- [What the task requires]
Transcribe the entries below word for word, beginning at the line with "Mexx A-line Broidery" and stopping after the line with "back *SOLD |"; drop all pictures.

- [Input data]
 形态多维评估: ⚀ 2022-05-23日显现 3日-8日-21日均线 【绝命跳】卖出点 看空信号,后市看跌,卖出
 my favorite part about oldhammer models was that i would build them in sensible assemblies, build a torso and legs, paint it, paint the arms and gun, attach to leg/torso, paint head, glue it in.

==

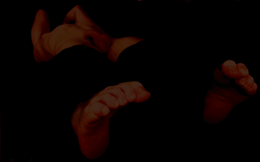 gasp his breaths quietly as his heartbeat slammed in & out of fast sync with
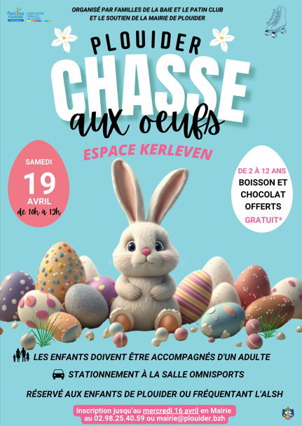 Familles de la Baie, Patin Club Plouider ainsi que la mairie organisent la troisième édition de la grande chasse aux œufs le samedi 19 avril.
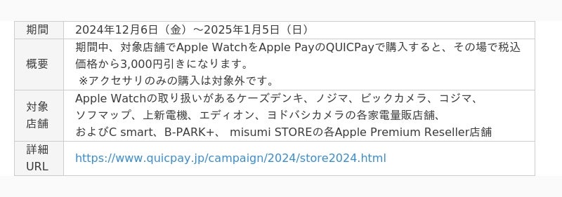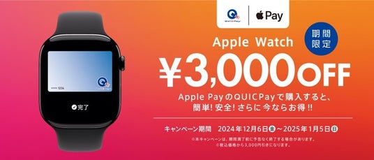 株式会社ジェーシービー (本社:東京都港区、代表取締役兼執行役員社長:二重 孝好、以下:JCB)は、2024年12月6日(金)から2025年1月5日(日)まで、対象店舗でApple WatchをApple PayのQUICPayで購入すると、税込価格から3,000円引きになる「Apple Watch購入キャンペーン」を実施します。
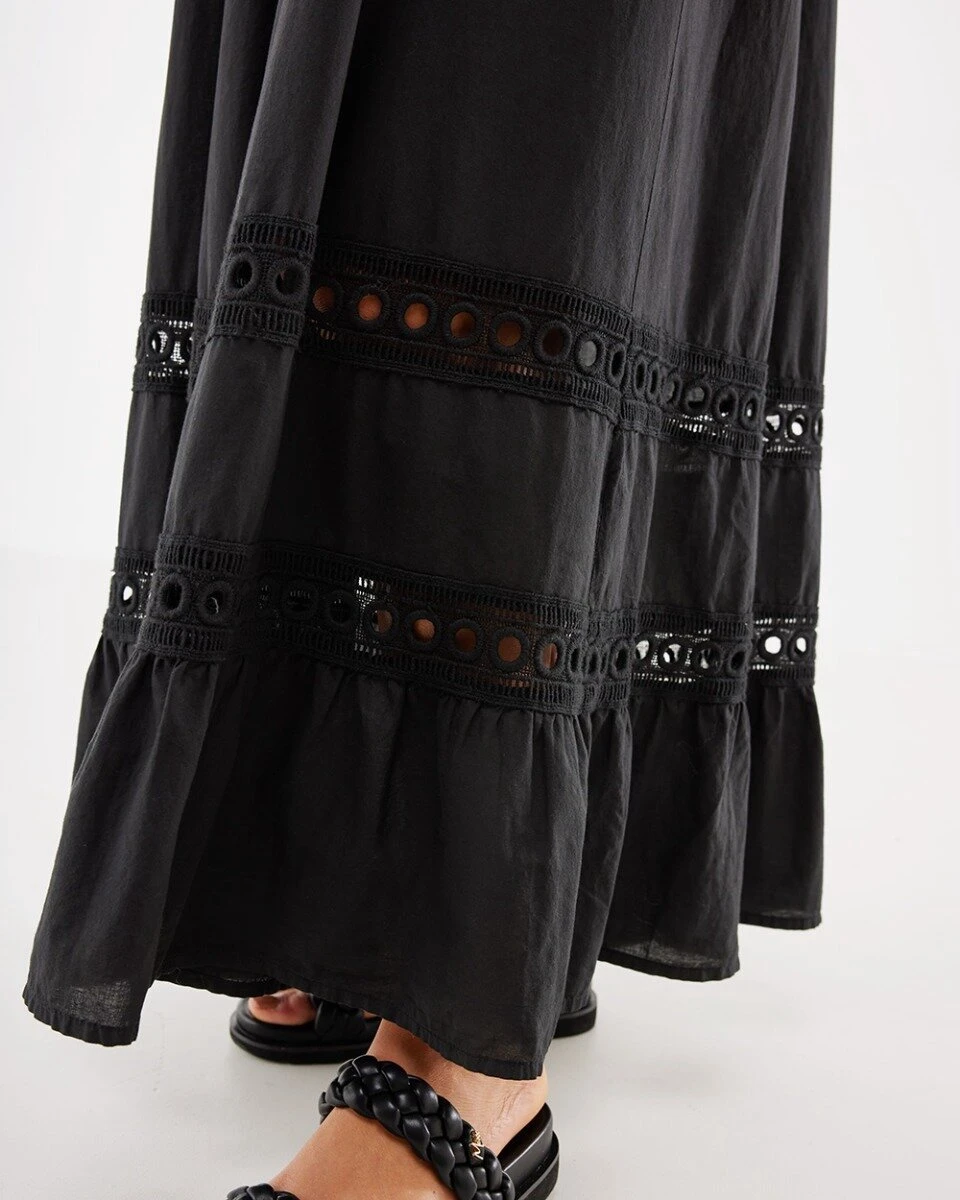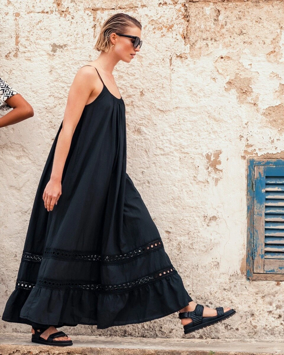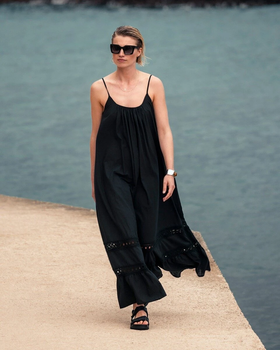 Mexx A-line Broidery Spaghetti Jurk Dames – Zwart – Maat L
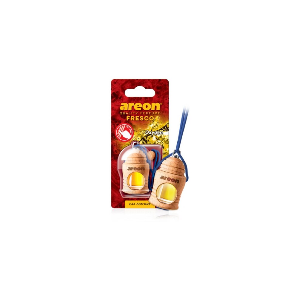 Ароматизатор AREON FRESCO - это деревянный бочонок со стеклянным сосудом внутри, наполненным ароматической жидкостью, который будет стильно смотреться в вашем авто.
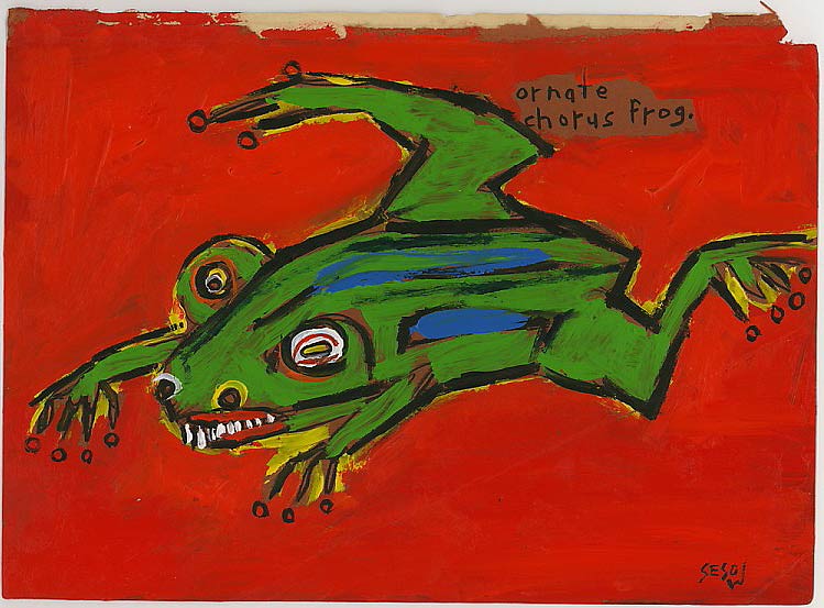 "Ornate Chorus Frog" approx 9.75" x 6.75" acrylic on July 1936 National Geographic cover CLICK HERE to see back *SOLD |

- [Expected output]
 Mexx A-line Broidery Spaghetti Jurk Dames – Zwart – Maat L
 Ароматизатор AREON FRESCO - это деревянный бочонок со стеклянным сосудом внутри, наполненным ароматической жидкостью, который будет стильно смотреться в вашем авто.
 "Ornate Chorus Frog" approx 9.75" x 6.75" acrylic on July 1936 National Geographic cover CLICK HERE to see back *SOLD |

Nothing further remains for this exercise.